## PROBLEM TO SOLVE:
From the records below, please print only the lines from the one containing "A rich turquoise" through the one containing "This species is", both included. Skip the pictures.

## GIVEN RECORDS:
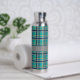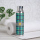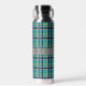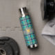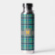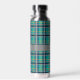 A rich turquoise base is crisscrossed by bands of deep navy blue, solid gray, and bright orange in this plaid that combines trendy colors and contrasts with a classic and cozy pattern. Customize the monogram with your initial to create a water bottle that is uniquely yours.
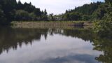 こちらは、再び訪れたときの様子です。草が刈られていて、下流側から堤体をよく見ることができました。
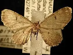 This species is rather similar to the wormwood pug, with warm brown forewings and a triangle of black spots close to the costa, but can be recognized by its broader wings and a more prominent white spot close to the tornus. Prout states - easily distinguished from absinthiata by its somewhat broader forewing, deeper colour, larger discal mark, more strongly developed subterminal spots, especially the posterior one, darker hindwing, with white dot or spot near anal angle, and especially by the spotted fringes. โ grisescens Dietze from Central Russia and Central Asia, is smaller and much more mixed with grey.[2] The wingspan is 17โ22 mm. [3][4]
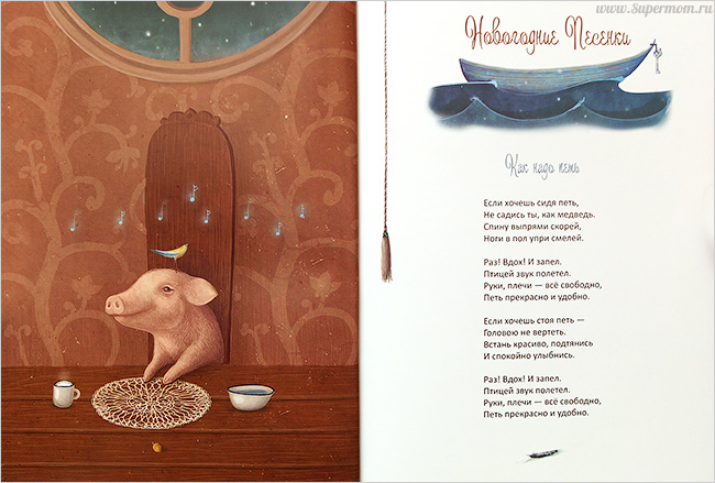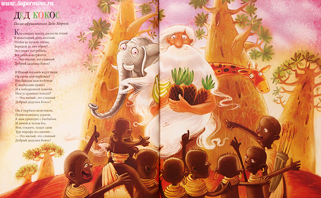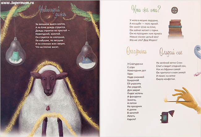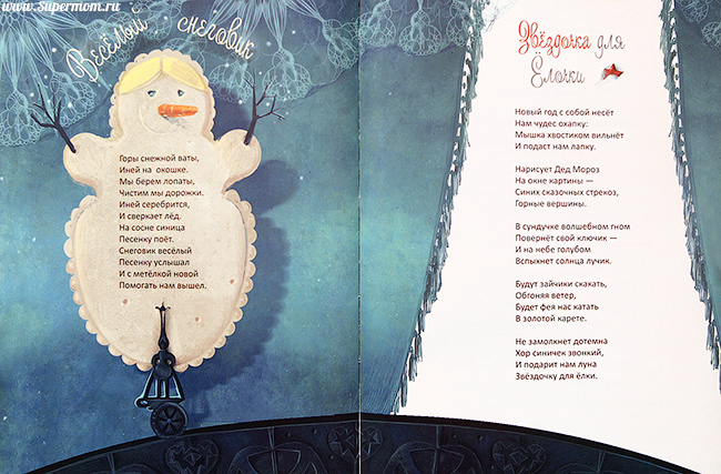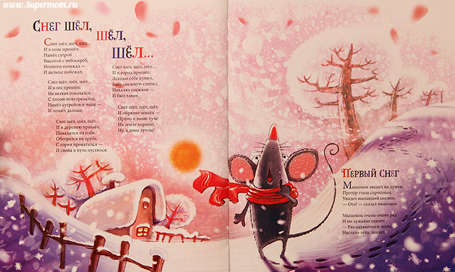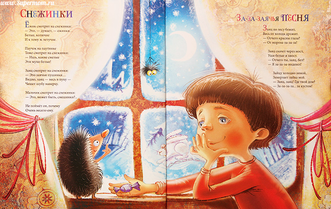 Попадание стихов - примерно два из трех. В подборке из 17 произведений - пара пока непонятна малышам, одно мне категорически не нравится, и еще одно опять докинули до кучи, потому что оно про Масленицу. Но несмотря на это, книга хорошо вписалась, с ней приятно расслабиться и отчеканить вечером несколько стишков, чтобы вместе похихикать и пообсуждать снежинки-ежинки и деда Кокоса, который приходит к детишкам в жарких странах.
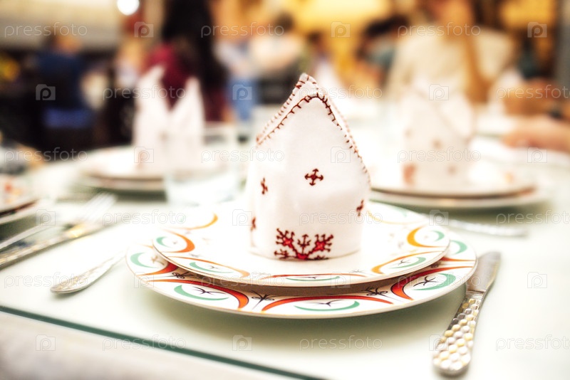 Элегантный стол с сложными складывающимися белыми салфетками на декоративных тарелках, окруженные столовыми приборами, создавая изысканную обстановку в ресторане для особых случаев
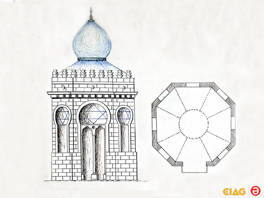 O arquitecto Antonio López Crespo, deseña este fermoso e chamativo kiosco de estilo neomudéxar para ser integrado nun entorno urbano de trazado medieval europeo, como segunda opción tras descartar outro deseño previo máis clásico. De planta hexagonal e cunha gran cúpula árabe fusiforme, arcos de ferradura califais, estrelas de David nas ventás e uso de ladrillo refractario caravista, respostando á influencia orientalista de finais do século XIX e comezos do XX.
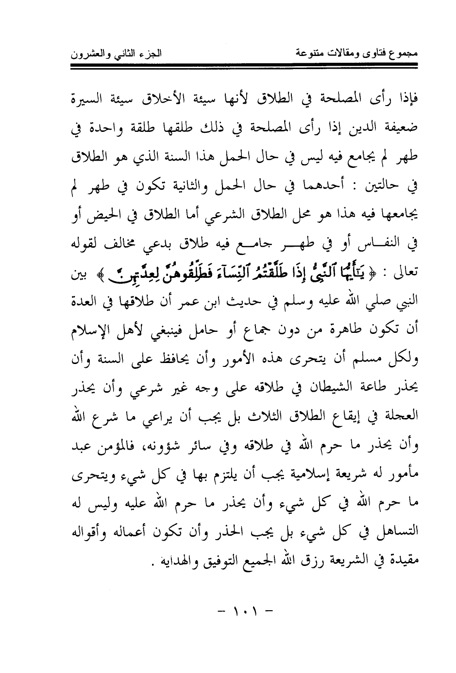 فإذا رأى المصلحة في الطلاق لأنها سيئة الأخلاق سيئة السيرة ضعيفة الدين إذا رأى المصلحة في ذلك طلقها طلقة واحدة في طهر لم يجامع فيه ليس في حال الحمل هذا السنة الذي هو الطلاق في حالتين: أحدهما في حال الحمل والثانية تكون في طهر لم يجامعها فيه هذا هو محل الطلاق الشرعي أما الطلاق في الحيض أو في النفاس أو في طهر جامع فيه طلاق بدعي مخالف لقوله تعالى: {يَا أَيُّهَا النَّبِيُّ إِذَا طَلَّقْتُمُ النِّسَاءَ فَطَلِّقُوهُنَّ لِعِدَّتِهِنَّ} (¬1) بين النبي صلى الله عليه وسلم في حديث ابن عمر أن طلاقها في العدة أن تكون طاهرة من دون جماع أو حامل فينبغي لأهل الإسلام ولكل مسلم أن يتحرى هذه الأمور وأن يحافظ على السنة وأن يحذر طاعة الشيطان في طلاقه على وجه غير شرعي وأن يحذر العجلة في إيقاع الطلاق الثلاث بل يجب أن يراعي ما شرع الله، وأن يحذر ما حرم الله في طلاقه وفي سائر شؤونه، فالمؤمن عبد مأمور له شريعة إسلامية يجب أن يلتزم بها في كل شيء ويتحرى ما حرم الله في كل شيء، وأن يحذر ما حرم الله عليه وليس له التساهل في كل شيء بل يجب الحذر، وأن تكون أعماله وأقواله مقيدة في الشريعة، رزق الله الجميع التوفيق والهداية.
...
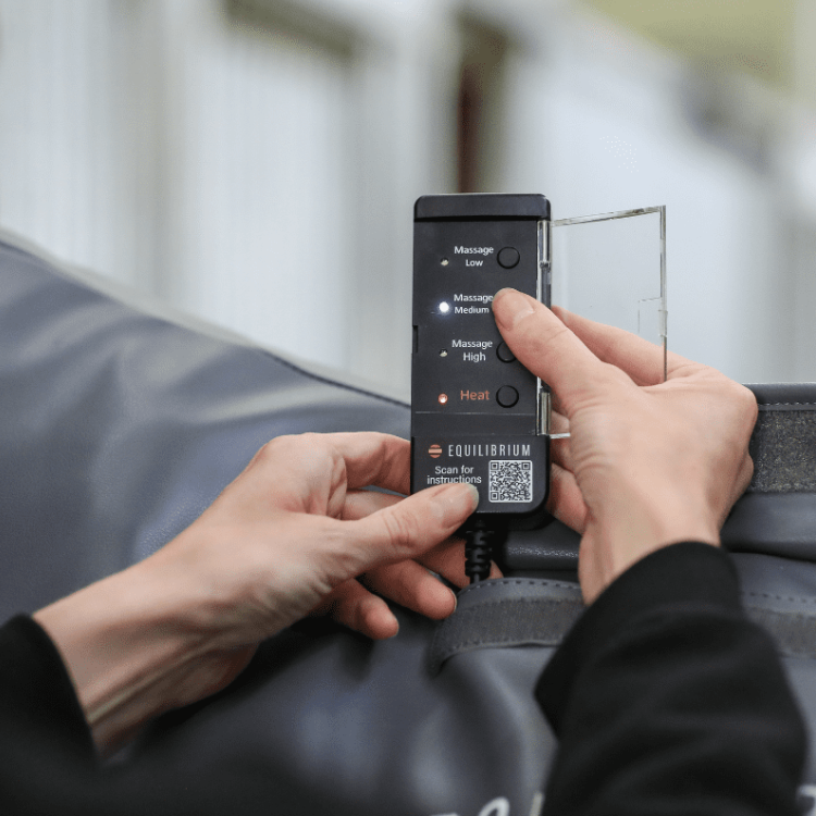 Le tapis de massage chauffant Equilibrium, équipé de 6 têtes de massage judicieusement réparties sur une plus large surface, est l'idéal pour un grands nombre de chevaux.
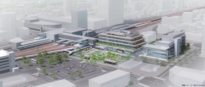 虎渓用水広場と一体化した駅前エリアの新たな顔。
---
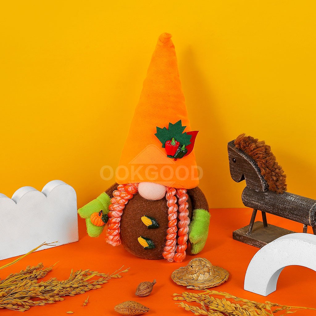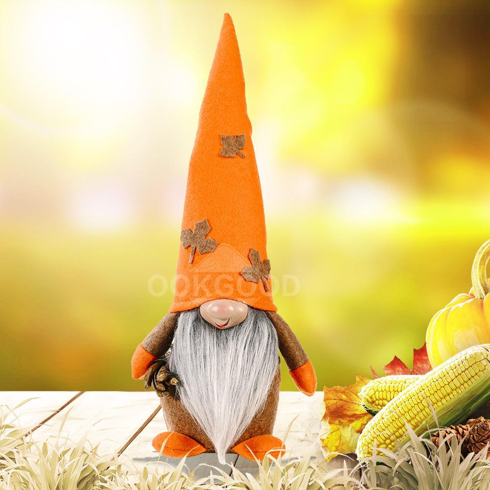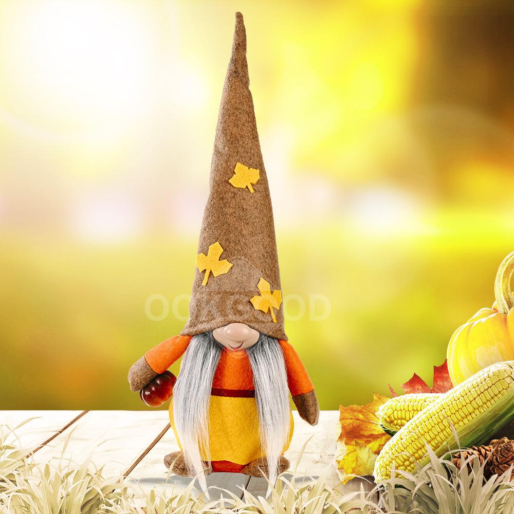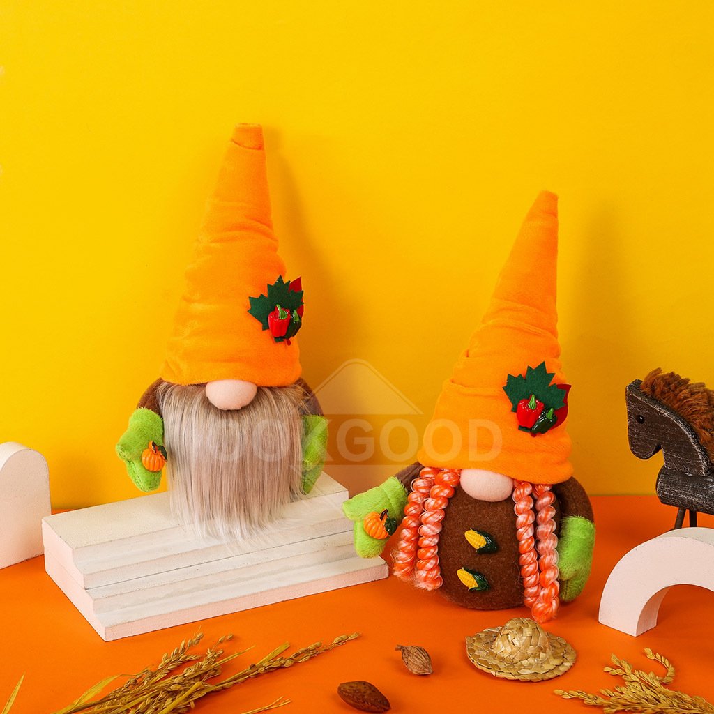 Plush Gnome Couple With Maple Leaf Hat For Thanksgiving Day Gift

## TASK RESPONSE:
 A rich turquoise base is crisscrossed by bands of deep navy blue, solid gray, and bright orange in this plaid that combines trendy colors and contrasts with a classic and cozy pattern. Customize the monogram with your initial to create a water bottle that is uniquely yours.
 こちらは、再び訪れたときの様子です。草が刈られていて、下流側から堤体をよく見ることができました。
 This species is rather similar to the wormwood pug, with warm brown forewings and a triangle of black spots close to the costa, but can be recognized by its broader wings and a more prominent white spot close to the tornus. Prout states - easily distinguished from absinthiata by its somewhat broader forewing, deeper colour, larger discal mark, more strongly developed subterminal spots, especially the posterior one, darker hindwing, with white dot or spot near anal angle, and especially by the spotted fringes. โ grisescens Dietze from Central Russia and Central Asia, is smaller and much more mixed with grey.[2] The wingspan is 17โ22 mm. [3][4]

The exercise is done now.